Espionage involves a human being obtaining (i.e., using human intelligence (HUMINT) methods) information that is considered secret or confidential without the permission of the holder of the information. Espionage is inherently clandestine, and the legitimate holder of the information may change plans or take other countermeasures once it is known that the information is in unauthorized hands. See the articles such Clandestine HUMINT operational techniques and Clandestine HUMINT asset recruiting for discussions of the "tradecraft" used to collect this information.
HUMINT is in a constant battle with counterintelligence, and the relationship can become very blurry, as one side tries to "turn" agents of the other into reporting to the other side. Recruiters can run false flag operations, where a citizen of country A believes they are providing intelligence to country B, when they are actually providing it to country C.
Unlike other forms of intelligence collection disciplines, espionage usually involves accessing the place where the desired information is stored, or accessing the people who know the information and will divulge it through some kind of subterfuge. There are exceptions to physical meetings, such as the Oslo Report, or the insistence of Robert Hanssen in never meeting the people to whom he was selling information.
This article does not cover military units that penetrate deep between enemy lines, but generally in uniform, to conduct special reconnaissance. Such military units can be on the border of the line, in international law, which defines them as spies, if they conduct information in civilian clothes. In some circumstances, the uniformed personnel may act in support to the actual agents, providing communications, transportation, financial, and other support. Yet another discipline is covert operations, where personnel, uniformed or not, may conduct raids, sabotage, assassinations, propaganda (i.e., psychological operations), etc.
==Legal aspects==
''Black's Law Dictionary'' (1990) defines espionage as: "gathering, transmitting, or losing ... information related to the national defense."

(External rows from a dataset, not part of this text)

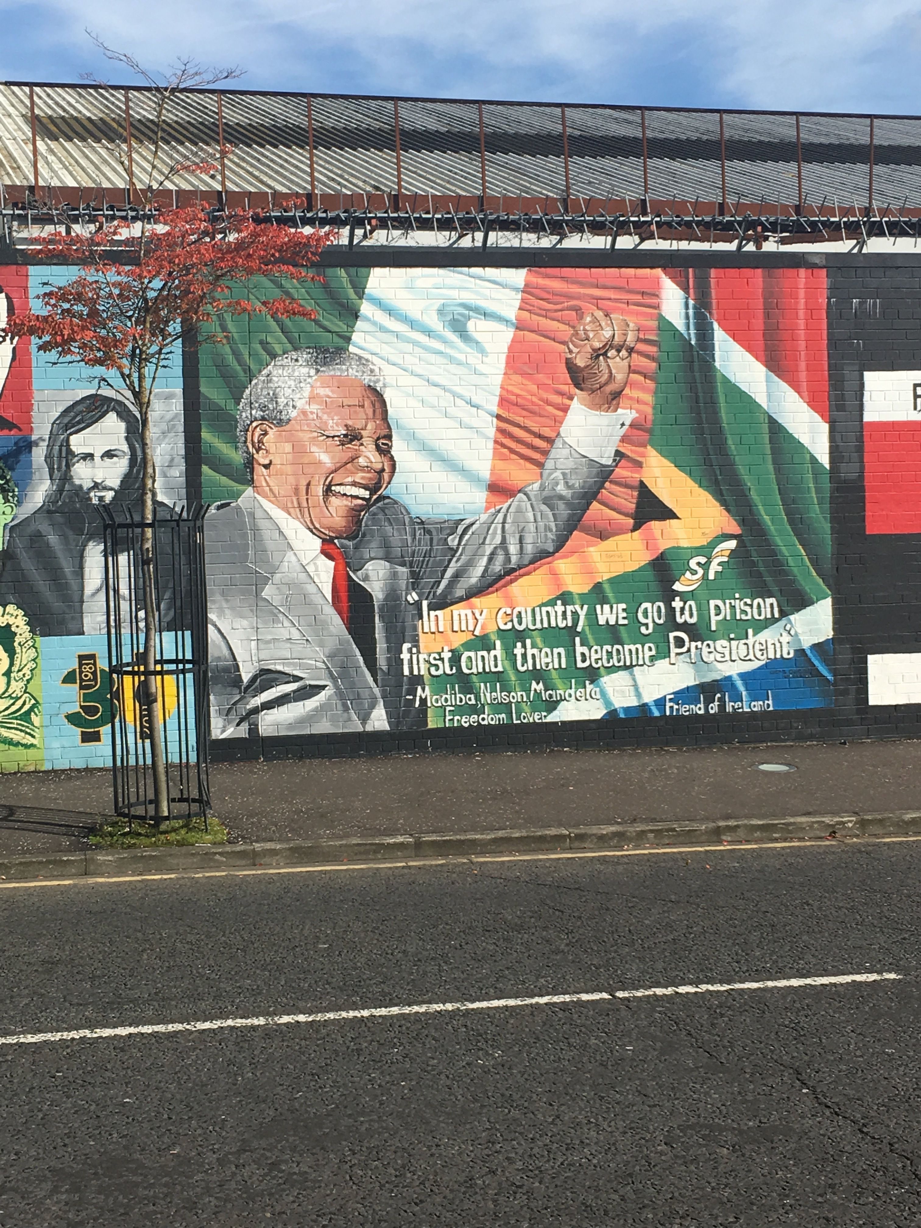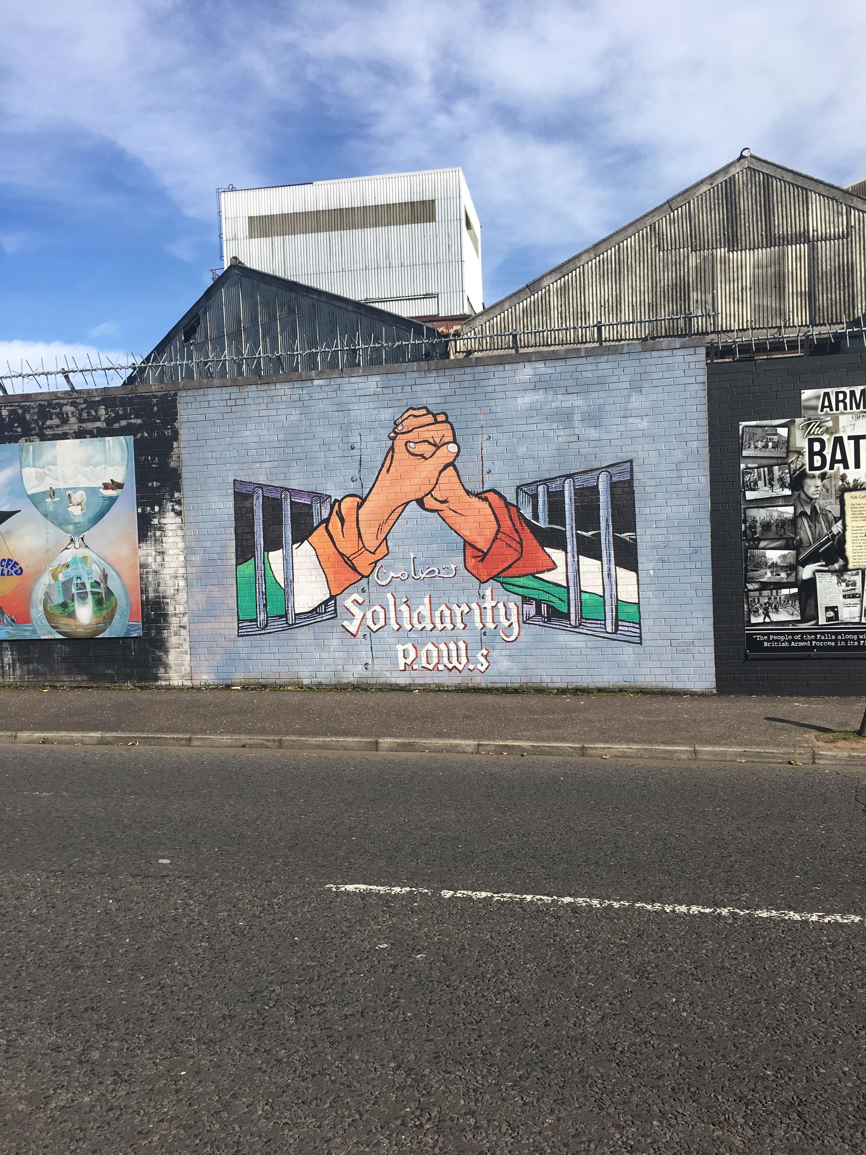 After grabbing a much-needed breakfast (our B&B was really just a B), we took a “black cab tour” of the city. Basically, a super opinionated driver takes you around and shows you where shit went down during the troubles. Our guide, Patrick, was a fervent Irish nationalist who maintained his own sort of objectivity (he believes the British government has kept its own citizens in the dark through propaganda, and that radical loyalists are outnumbered by decent protestants). I learned from him that we were not in Northern Ireland, part of the United Kingdom, but rather in the British-occupied north of Ireland. Also, he wouldn’t directly state it, but I’m pretty sure he had been an IRA (or equivalent organization) volunteer. All in all, it was a fascinating experience. Here are some of the awesome murals we saw on the tour: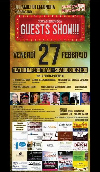Per la settimana prossima è stato organizzato un nuovo evento con sipario alle ore 21 di domani, venerdì 27 febbraio. Una serata di beneficenza targata "Uniti per Eleonora". Sul palco si alterneranno attori del Cast Mudù, attori de L'Ariamara, Medici al capolinea, Very Strong Family, Stefano Scarpa e tanti altri.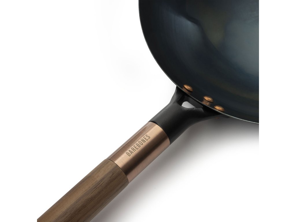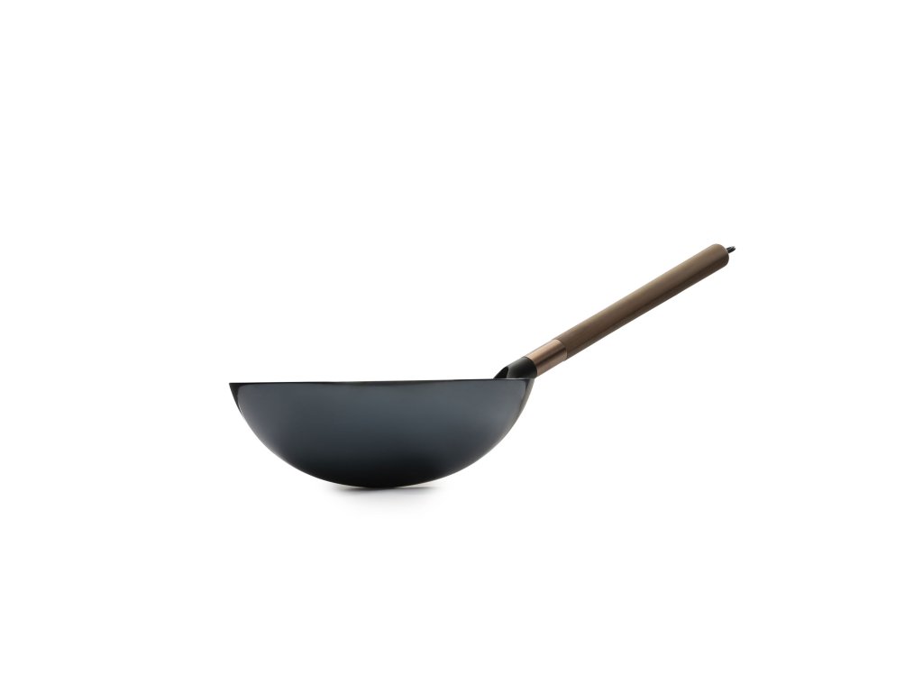 Tato pánev Wok s dlouhou rukojetí rozšiřuje vaše kuchařské možnosti a přináší tradiční design v moderním provedení. Vyrobena z odolné oceli o průměru 12", která je ručně kalená pro ochranu proti korozi a opotřebení. Díky extra dlouhé 18" rukojeti z ořechového dřeva nabízí bezpečnost a pohodlí při manipulaci, a její nerezové a měděné detaily chrání dřevo před plameny a zároveň přidávají estetický nádech.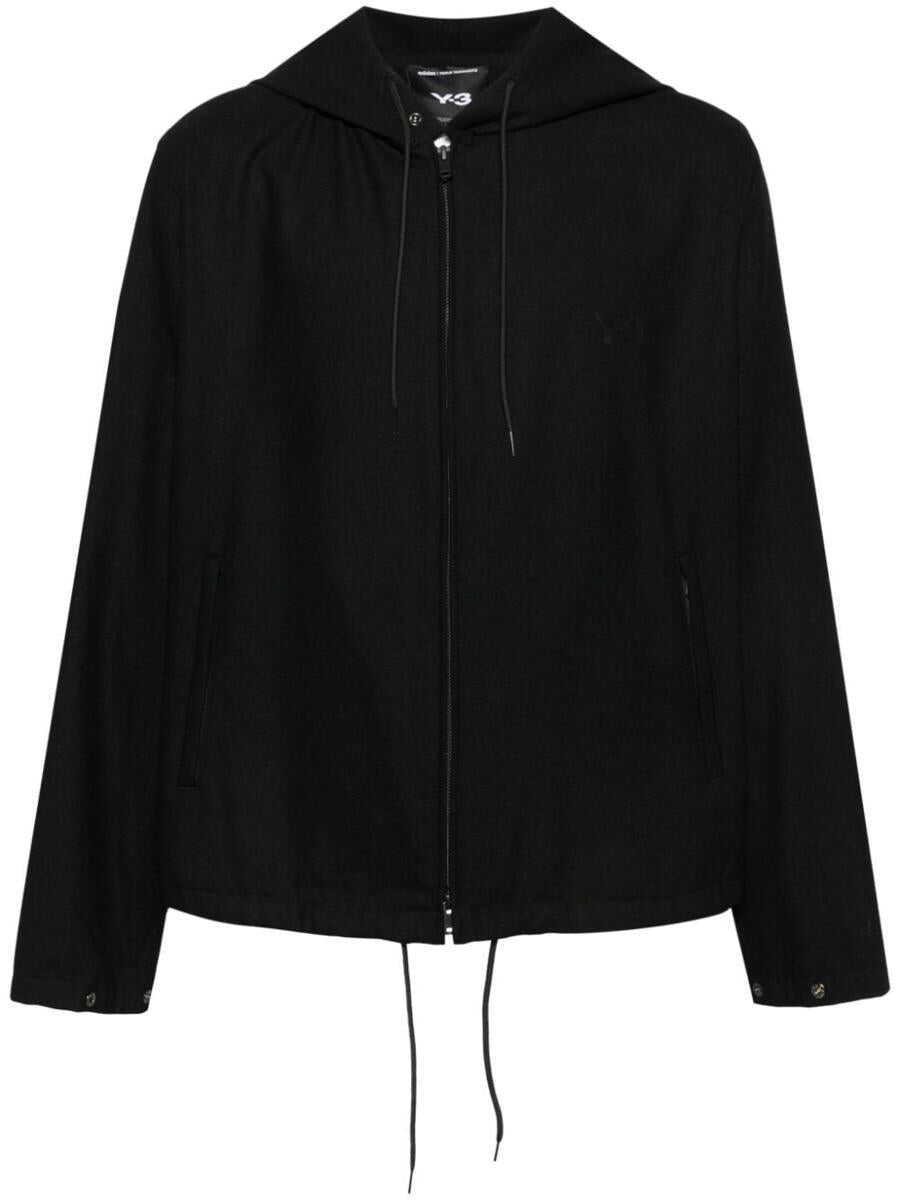 black recycled polyester blend flannel front two-way zip fastening drawstring hood long sleeves logo print at the chest drawstring hem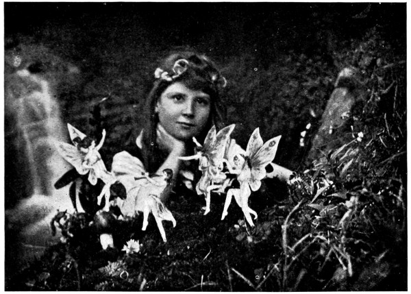 "I wish you could see a photo he has. He believes in fairies, pixies, goblins, etc.—children, in many cases, really see them and play with them. He has got into touch with a family in Bradford where the little girl, Elsie, and her cousin, Frances, constantly go into woods and play with the fairies. The father and mother are sceptical and have no sympathy with their nonsense, as they call it, but an aunt, whom Edward has interviewed, is quite sympathetic with the girls. Some little time ago, Elsie said she wanted to photograph them, and begged her father to lend his camera. For long he refused, but at last she managed to get the loan of it and one plate. Off she and Frances[17] went into the woods near a waterfall. Frances ''ticed' them, as they call it, and Elsie stood ready with the camera. Soon the three fairies appeared, and one pixie dancing in Frances' aura. Elsie snapped and hoped for the best. It was a long time before the father would develop the photo, but at last he did, and to his utter amazement the four sweet little figures came out beautifully!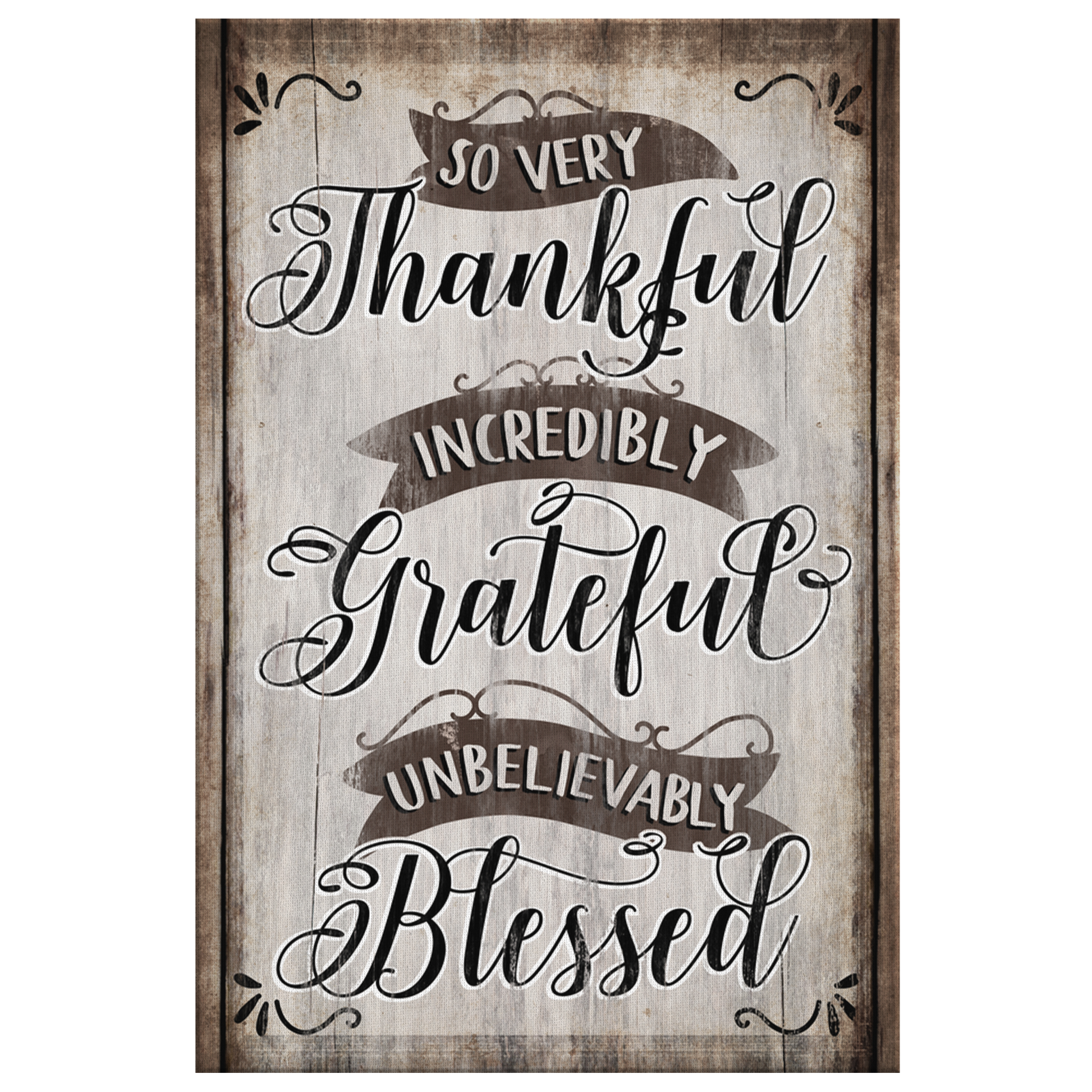 "So very thankful. Incredibly grateful. Unbelievably blessed." Quote on a beautiful wooden style rustic backdrop printed on a premium canvas. What a fantastic gift for a family home this year!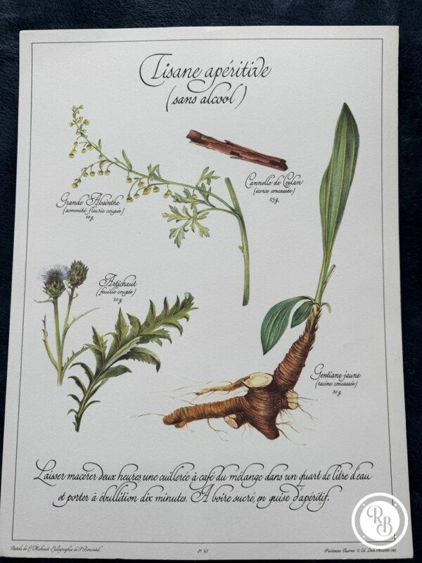 Affiche/Planche XX – « Précieuses Tisanes » éditée en 1982 par L. Pariente – Pastels de Michaud et Calligraphie de Benoistel
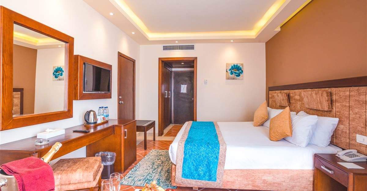 - Standard sea view room: 28 кв.м, помещение с една стая с двойно легло (размер 180 см х 200 см) или две единични легла (размер 120 см х 200 см), зона за отдих, баня с душ, балкон или тераса, изглед към морето. Максимално настаняване в стаята: 3. В стаята се осигурява едно допълнително легло, доколкото е възможно, размер 100 см x 200 см.

In the UK, "Under the 1911 Act, a person commits the offence of 'spying' if he, for any purpose prejudicial to the safety or interests of the State;
:(a) approaches, inspects, passes over or is in the neighbourhood of, or enters any prohibited place,
:(b) makes any sketch, plan, model, or note which is calculated to be or might be or is intended to be directly or indirectly useful to an enemy; or
:(c) obtains, collects, records, or publishes, or communicates to any other person any secret official code word, or pass word, or any sketch, plan, model, article, or note, or other document which is calculated to be or might be or is intended to be directly or indirectly useful to an enemy. ("an enemy" apparently means a potential enemy, so could theoretically include all foreign governments )
:"The offence of spying covers all such acts committed by any person within Her Majesty's dominions, and such acts committed elsewhere by British Officers or subjects. It is not necessary for the person concerned to have been warned beforehand that they were subject to the Official Secrets Act. The 1920 Act creates further offences of doing any "act preparatory" to spying, or of soliciting, inciting, seeking to persuade, or aiding and abetting any other person to commit spying.〔 〕
The US defines espionage towards itself as "The act of obtaining, delivering, transmitting, communicating, or receiving information about the national defense with an intent, or reason to believe, that the information may be used to the injury of the United States or to the advantage of any foreign nation. Espionage is a violation of 18 United States Code 792–798 and Article 106, Uniform Code of Military Justice."